Garnet Crow chronology
| First Soundscope: Mizu no Nai Hareta Umi e (2001) | Sparkle: Sujigakidōri no Sky Blue (2002) | Crystallize: Kimi to Iu Hikari (2003) |

Singles from Sparkle: Sujigakidōri no Sky Blue
- "Last Love Song" Released: May 9, 2001; "call my name" Released: August 8, 2001; "Timeless Sleep" Released: November 21, 2001; "Yume Mita Ato de" Released: March 13, 2002;

= Sparkle: Sujigakidōri no Sky Blue =

Sparkle: Sujigakidōri no Sky Blue (SPARKLE～筋書き通りのスカイブルー～) is the second studio album by Japanese group Garnet Crow. It was released on April 24, 2002, under Giza Studio.

==Background==
The album contains four previously released singles.

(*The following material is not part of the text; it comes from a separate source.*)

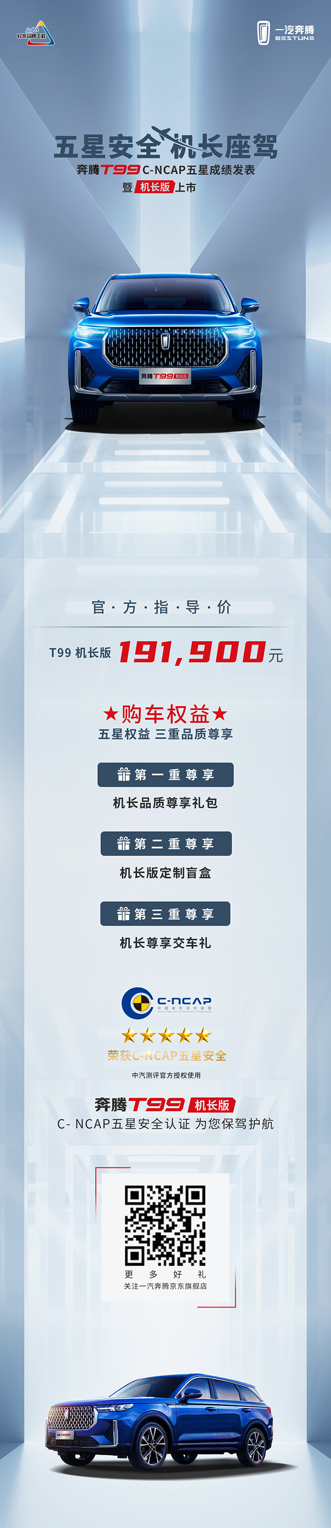 售价19.19万元 一汽奔腾T99机长版正式上市

Two out of twelve tracks, Mysterious eyes and Timeless Sleep received in this album new album mixes under title dry flavor of "G" mix, which has more techno sound and Flow-ing surround mix which is slower and less rock than original. Both of the bonus tracks were arranged by Miguel Sá Pessoa.

The singles call my name was released in Giza Studio compilation album Giza Studio Masterpiece Blend 2001, and Yume Mita Atode was released in another compilation album Giza Studio Masterpiece Blend 2002.

== Commercial performance ==
"Sparkle: Sujigakidōri no Sky Blue" made its chart debut on the official Oricon Albums Chart at #4 rank for first week with 73,010 sold copies. It charted for 9 weeks and sold 156,410 copies.

== Track listing ==
All tracks are composed by Yuri Nakamura, written by Nana Azuki and arranged by Hirohito Furui.

| No. | Title | Length |
|---|---|---|
| 1. | "Yume Mita Ato de (夢みたあとで)" | 4:58 |
| 2. | "call my name" | 4:51 |
| 3. | "Timeless Sleep" | 4:37 |
| 4. | "pray" | 4:29 |
| 5. | "Naked Story" | 3:51 |
| 6. | "Last love song" | 3:24 |
| 7. | "Sky Blue (スカイ・ブルー)" | 3:32 |
| 8. | "wish★" | 4:18 |
| 9. | "Please, forgive me" | 4:20 |
| 10. | "Holy ground" | 4:40 |

===Bonus tracks===

| No. | Title | Length |
|---|---|---|
| 1. | "Mysterious Eyes" (dry flavor of "G" mix) | 4:46 |
| 2. | "Timeless Sleep" (flow-ing surround mix) | 4:07 |

==Personnel==
Credits adapted from the CD booklet of Sparkle: Sujigakidōri no Sky Blue.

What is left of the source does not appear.